A person’s right to quiet enjoyment of her residence is a fundamental right to which Doe was entitled, absent some strong proof of impropriety relating to her actions regarding the residence. Further, in any action to exclude Doe from her residence, and in any protection from abuse action, Doe had a right to confront and counter the evidence against her, as we recently held in Jusseaume v.
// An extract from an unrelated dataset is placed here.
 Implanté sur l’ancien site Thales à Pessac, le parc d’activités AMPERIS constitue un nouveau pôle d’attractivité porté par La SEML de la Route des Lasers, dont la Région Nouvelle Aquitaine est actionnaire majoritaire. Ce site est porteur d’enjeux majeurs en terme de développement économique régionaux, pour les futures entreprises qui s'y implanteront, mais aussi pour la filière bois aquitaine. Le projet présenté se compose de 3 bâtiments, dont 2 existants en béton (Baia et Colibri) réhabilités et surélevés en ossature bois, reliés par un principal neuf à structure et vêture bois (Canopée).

Ducatt, 2011 ME 43, ¶¶ 11–15, 15 A.3d 714, 717–18.
Considering the allegations in this case, the court could not have, and should not have, granted Blackhouse’s request to exclude his elderly neighbor from her residence without first hearing from Doe and affording her far more process than Blackhouse wanted the court to give her by considering his request for relief without his needing to be present.
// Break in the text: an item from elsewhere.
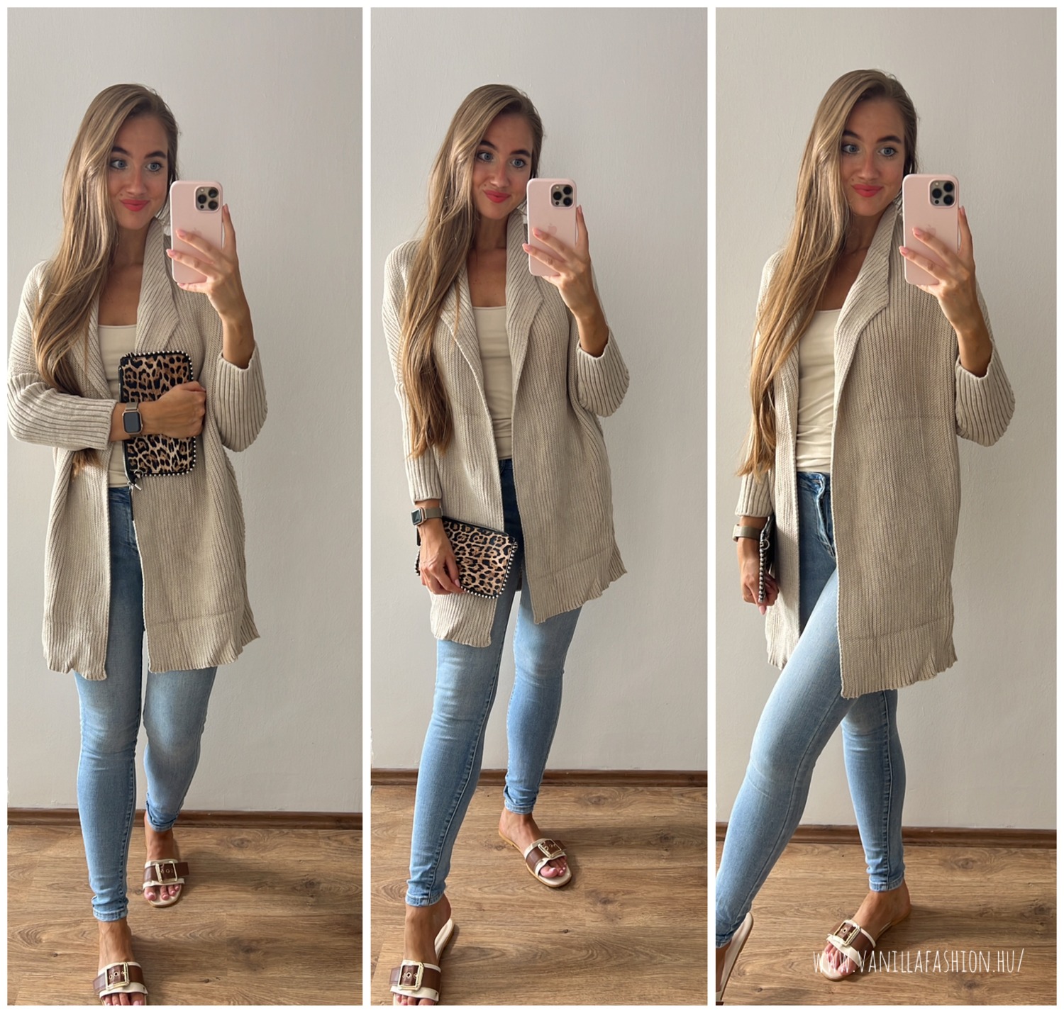 A kardigán egyméretes darab Xs-L méretig ajánlott.

Before consideration of what accommodation, if any, to allow Blackhouse for his alleged disability, the court had a responsibility to evaluate the merits of his protection from abuse claim. There is no right to maintain, and force a named defendant to defend, an incredible, frivolous, or bizarre claim. A person claiming a disability has no greater right than any other person to circumvent the court’s essential gatekeeping function on these issues.
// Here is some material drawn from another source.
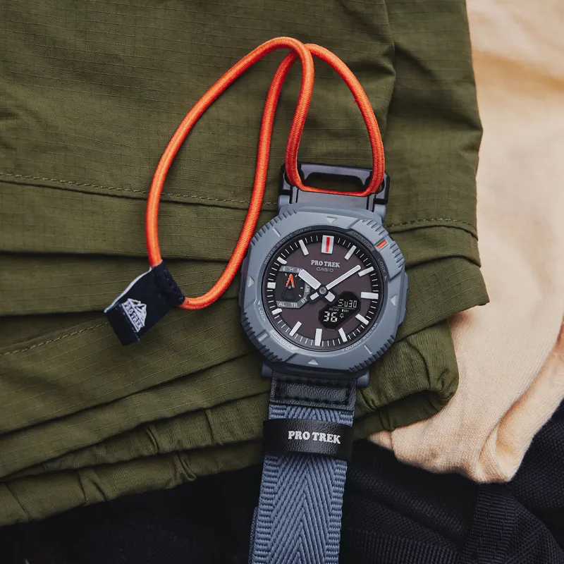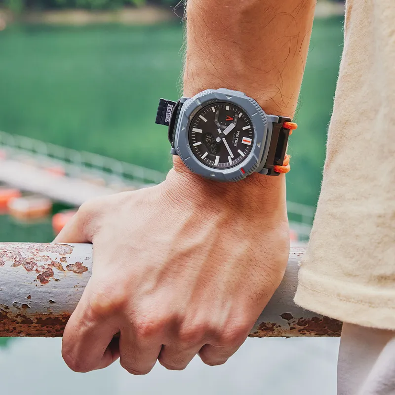 CASIO PRO TREK Коллекция Двухзадный дисплей Водонепроницаемый 100 м Солнечный кварцевый механизм Тканевый ремешок

Addressing a court’s gatekeeping function, the United States Supreme Court, in Bell Atlantic Corp. v. Twombly, 550 U.S. 544, 570, 127 S.Ct. 1955, 167 L.Ed.2d 929 (2007), has held that a complaint, to avoid dismissal, must be “plausible on its face”:
[W]e do not require heightened fact pleading of specifics, but only enough facts to state a claim to relief that is plausible on its face. Because the plaintiffs here have not nudged their claims across the line from conceivable to plausible, their complaint must be dismissed.
The complaint here, not being plausible on its face, was appropriately dismissed….
On the face of the pleadings filed by Blackhouse, and considering the history of his prior action, the wide ranging and severe relief Blackhouse was seeking against Doe and many others, the deprivation of due process for Doe that Blackhouse was requesting as an accommodation, and the apparent incredibility of many of Blackhouse’s claims, the trial court properly dismissed Blackhouse’s action. The finding of insufficiency of the evidence on the merits, made at the temporary order stage, can be affirmed when there is no suggestion that at the final hearing stage any evidence would have been presented that was not before the court when it denied the request for a temporary order.
Reasonable accommodation of anyone with a disability who must be before the court, or who seeks to bring a proper action before the court, is appropriate and is part of our obligation to provide access to justice. But that obligation to provide reasonable accommodation does not extend to lending a hand to promote a facially frivolous, vexatious, or incredible claim, and doing so, as Blackhouse requests, by depriving the targets of his accusations of the right to confront their accuser who seeks to take their money and jeopardize their fundamental right to quiet enjoyment of their homes.